Nothing, Paige wanted to say. I don’t need your help. I’m perfectly able to take care of myself. I’ve been doing it a lot longer than I’ve known you. Which, from a sensible, level-headed woman, was absurd. “Apple juice. She likes that.”

“Is everything all right?” Nonny asked from the door. She was a petite wraith in a white nightgown and shawl, who suddenly saw Noah. “Oh, my. I didn’t know we had guests.”

Paige sighed. “Not guests, Nonny. Just Noah.”

“And not exactly dressed for the weather, I see. I hope she isn’t going to kick you out at dawn this time, Noah. Since it’s Sunday. And since I already know you’re here.”

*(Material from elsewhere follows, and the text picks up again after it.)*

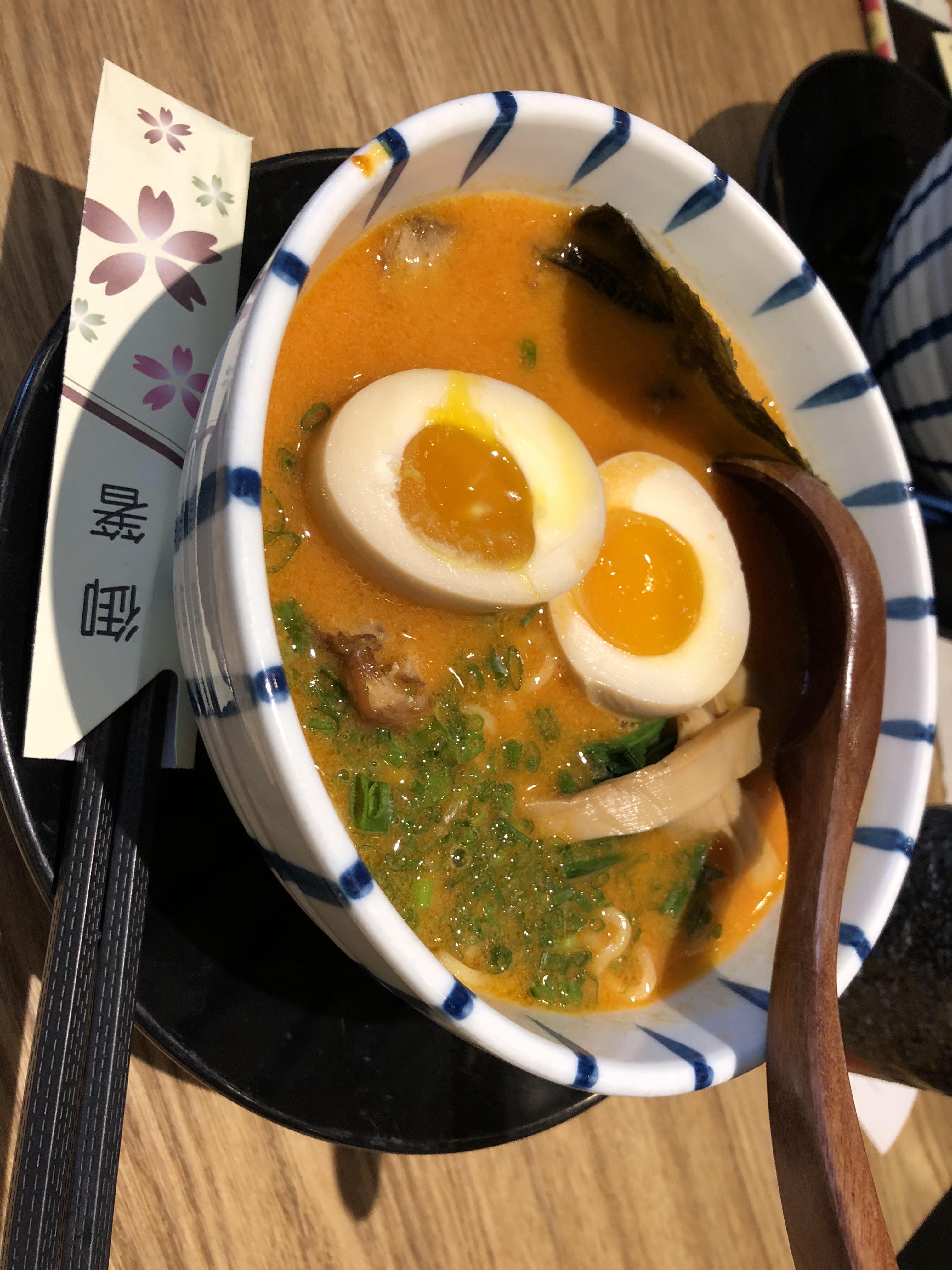 老婆公司附近的拉面馆,中午来找老婆午餐,评分挺高的,于是就选择了这家。 这家拉面馆的生意不错的,午餐时间,附近的上班族都来这里用餐。 所以环境有点拥挤,经常会没有座位,而且服务跟不上,基本上工作人员都挺忙碌的。 食物的味道还不错的,拉面很劲道,汤底也很好喝,基本光盘的节奏。 拉面的份量不是很大,这点有点小遗憾的。
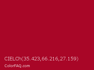 CIELCh 35.423,66.216,27.159 Color is a normal red color and the nearest color is Alabama Crimson #af002a. Hex code #a90627 and RGB value is rgb(169,6,39). In RGB color space, this color is composed of 66% red, 2% green, 15% blue, In CMYK color space, this color is composed of 0% cyan, 96% magenta, 77% yellow , 34% black , In HSL color space, this color has a hue angle of 348° , 93% saturation and 34% lightness.

To Noah, Paige complained, “This was how it was when I was growing up. I’d tiptoe around her about something, then find that she knew about it all along.”

Nonny had shuffled to the changing table in her tiny white mules and was feeling Sami’s forehead. “Is my pumpkin hot again?”

“No. She must have been frightened when she woke up all stuffy. Noah’s going down for a bottle. You go back to bed.”

“And miss the fun?”

“Nonny.”

“I’m going, I’m going.” She shuffled out of the room.

Noah went down for the bottle. By the time he returned, Sami was cleaned up. Paige sat on the rocker and let her drink, while Noah leaned against the crib and watched.

“You did this just right,” she said softly. “I’d have thought you’d be rusty.”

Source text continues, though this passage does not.